Records from a collection:

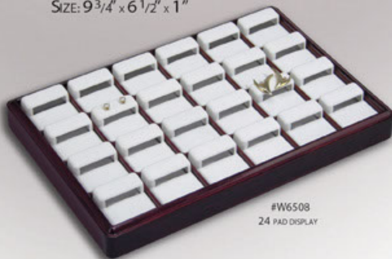
#W6508 24 PAD DISPLAY
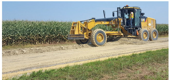
Clay slurry and aggregate near the end of the blade mixing process in Washington County
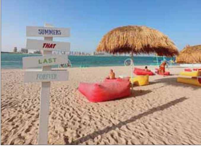
QT's extensive West Bay Beach project covers 40,000sq m of premium beachfront. It includes Doha Sands, B12 and WBB, each of which offers a distinctly different experience.

QT's extensive West Bay Beach project, which covers 40,000sq m of premium beachfront, includes Doha Sands, B12
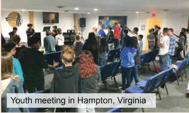
Youth meeting in Hampton, Virginia

Level.” God continues to pour out His Spirit over our church with many souls getting saved and stirred to profess Christ with their lives!

**EXERCISE DIRECTIONS:** Pictures are not part of the copy; transcribe the rest of the data verbatim.

**TASK ANSWER:**
#W6508 24 PAD DISPLAY
Clay slurry and aggregate near the end of the blade mixing process in Washington County
QT's extensive West Bay Beach project covers 40,000sq m of premium beachfront. It includes Doha Sands, B12 and WBB, each of which offers a distinctly different experience.

QT's extensive West Bay Beach project, which covers 40,000sq m of premium beachfront, includes Doha Sands, B12
Youth meeting in Hampton, Virginia

Level.” God continues to pour out His Spirit over our church with many souls getting saved and stirred to profess Christ with their lives!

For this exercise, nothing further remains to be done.